1
votes

The original question is

Smallest subarray with sum greater than a given value Given an array of integers and a number x, find the smallest sub array with sum greater than the given value. at http://www.geeksforgeeks.org/minimum-length-subarray-sum-greater-given-value/

but if the question was only to find the size of the smallest subarray, can we use divide and conquer method?

Algorithm: Size_of_min_subarray(1,n) =

min of { Size_of_min_subarray(1,n/2), Size_of_min_subarray(n/2,n),Size_of_array_containing mid_element(s) }

Size_of_array_containing_mid_element Is caluculated by:

Take the mid element(s) , initialise sum=mid element/sum of mid element and num_elements=1/2 based on n is odd or even .if sum<=given value,check if number to its right or left is greater.Add that greater element to the sum and increament num_elements. repeat until sum> given value.

Illustration:

1,4,45,6,0,19 and threshold=51

min_size=min{ min_size{1,4,45} , min_size{6,0,19} , min_containing_45and6 }

min_containing_45and6:

sum=mid elements/sum of mid elements=45+6=51<=51,num_elements=2. Since 4>0 add 4 to sum ,sum=55 and increament num_elements. num_elements=3.

min_size=min{ not possible , not possible , 3} =3.

Is this algorithm correct?And i think its complexity if O(logn),is that right?

Edit: i realized that the algo i am using to find Size_of_array_containin_mid_elemnts is wrong.can anyone suggest an algo for finding this value?

3
@sds This is about subsets not sub arrays. - ForguesR

3 Answers

3
votes
  1. No sub-linear algorithm can solve this problem because it has to consider every array element at least once (worst case).

  2. Your algorithm lacks the "base" step, i.e., Size_of_min_subarray(1,n) for small n (whatever "small" is).

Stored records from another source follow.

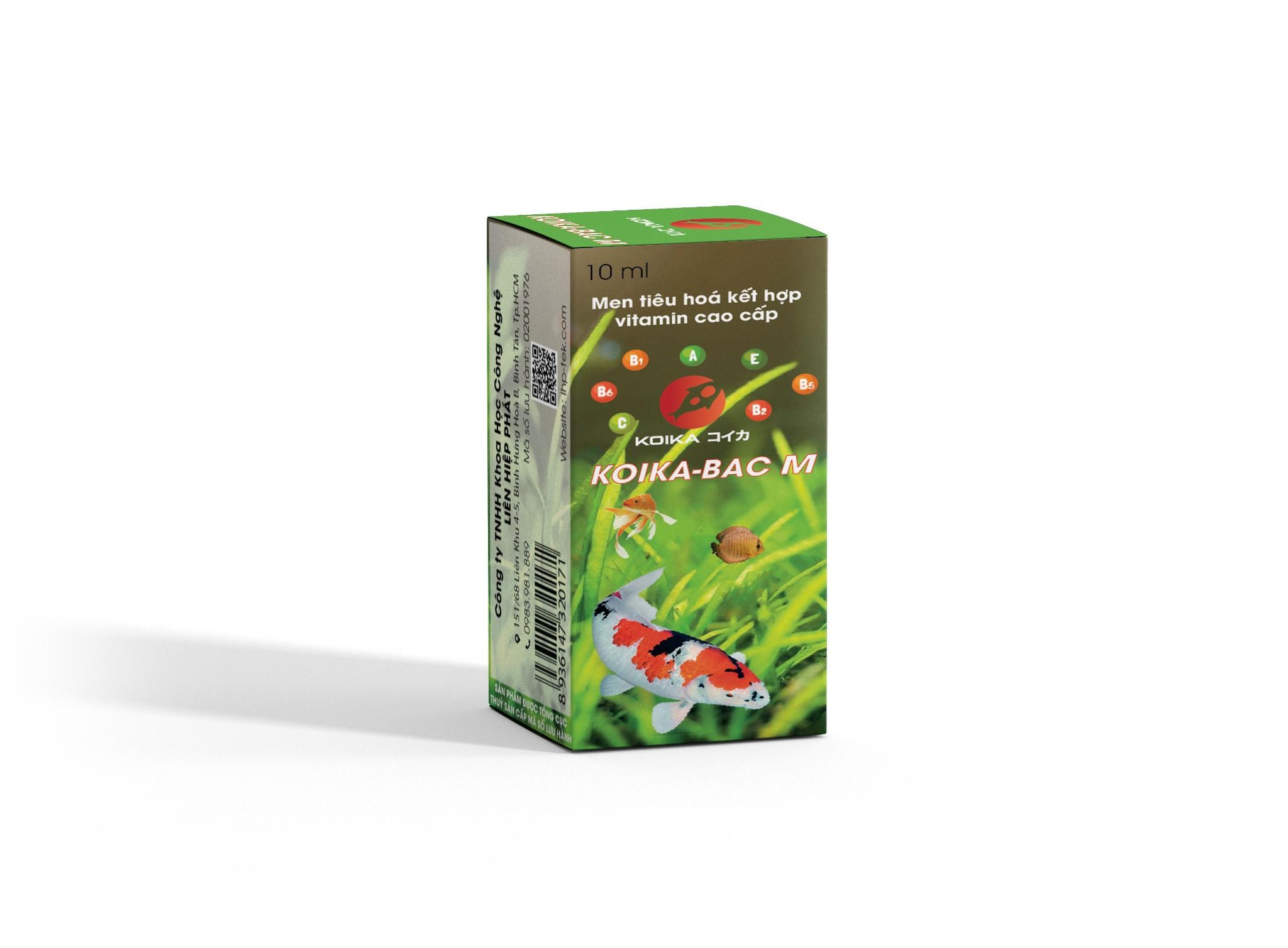 KOIKA-BAC M, Men tiêu hóa kết hợp vitamin cao cấp giúp cá khỏe đẹp, tăng cường đề kháng, giúp cá hồi phục sau thời gian bị bệnh, đặc biệt là bệnh đường ruột. Giảm thiểu bệnh đường ruột như phân trắng, sình bụng.
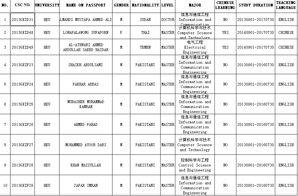 2013 CSC UNIVERSITY SCHOLARSHIP AWARDING LIST of Harbin Engineering University
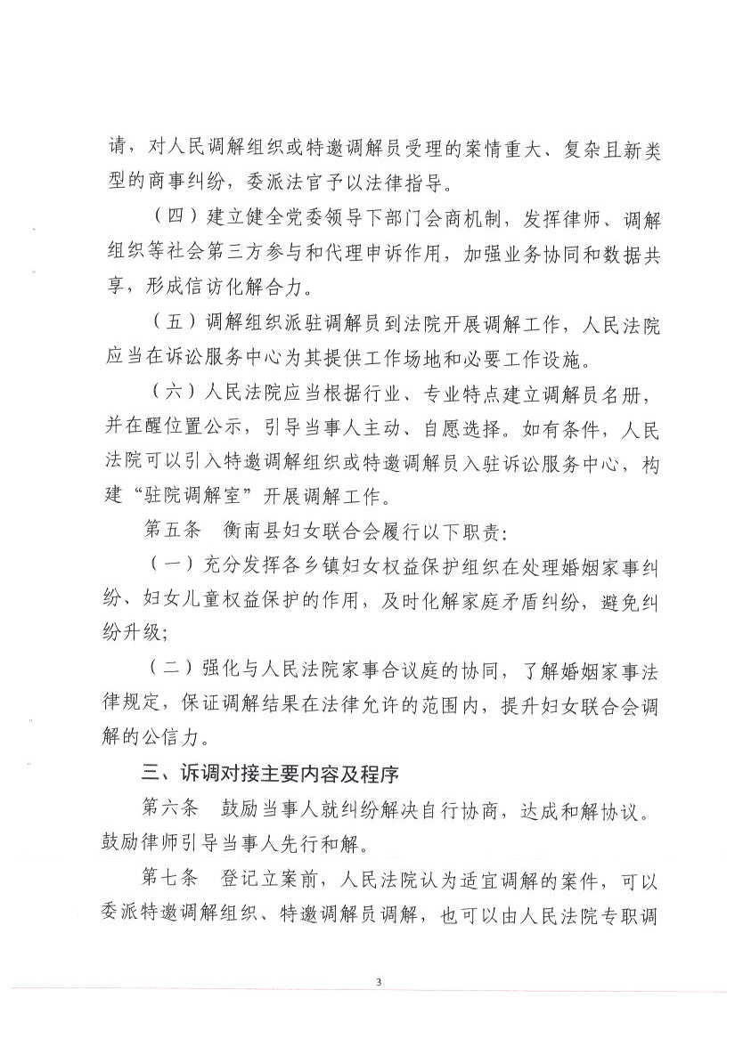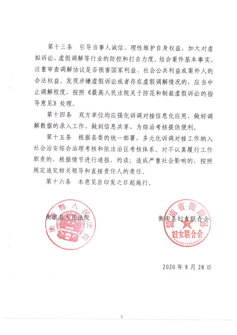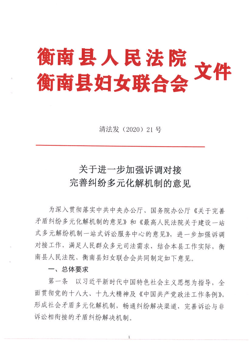 衡南縣人民法院衡南縣婦女聯合會關於進一步加強訴調對接完善糾紛多元化解機製的意見(清法發﹝2020﹞21號)

  3. The recurrence for your algorithm is F(n)=2*F(n/2)+G(n) where F(n) is the complexity of Size_of_min_subarray for size n and G(n) is the complexity of Size_of_array_containing_mid_element(n). Since G(n)~O(n), your algorithm is O(n).

0
votes
  1. If you're just trying to find the smallest sub array (if I'm reading this correctly) without any other parameters, wouldn't it always be whatever array of size 1?

  2. The way I would approach this (could be faster ways) would be to have 2 "pointers" to indexes in the original array. You move one "pointer" through the array in a loop until the sum of values from the back "pointer" to the front "pointer" is greater than the value x. You can store that sub array or just the length fairly easily depending on what you want to do with the information. Once you find a viable solution, you move the back "pointer" forward until the sum between the two "pointers" is less than the threshold. Once that happens you move the front "pointer" forward again and repeat the steps above. You compare the lengths of the sub arrays and eventually come up with the right answer. The runtime is O(n^2) but it gets the correct answer.

The only issue with yours that I could see would be the fact that it could be possible to miss some cases. For example if you had {45, 1, 0, 4, 6, 19} (with the threshold still being 51) I think that by splitting the array/list the way you do you could miss a solution because of the split where 45 and 6 are on different halves of the list.

Please correct me if I'm wrong but I think what I have is close.

0
votes

A very simple algorithm would be to get the max value for each possible sub arrays size until you have a sub array with a sum greater than the given value.

So if you have an array of 6 elements you start checking if there is an sub array of size 1 bigger or equal than then given value (in other word, a single value bigger than the given value). If not check with sub arrays of size 2. If not check with sub arrays of size 3.. and it goes on...

Worst case is you need to sum all the array values to reach the given value.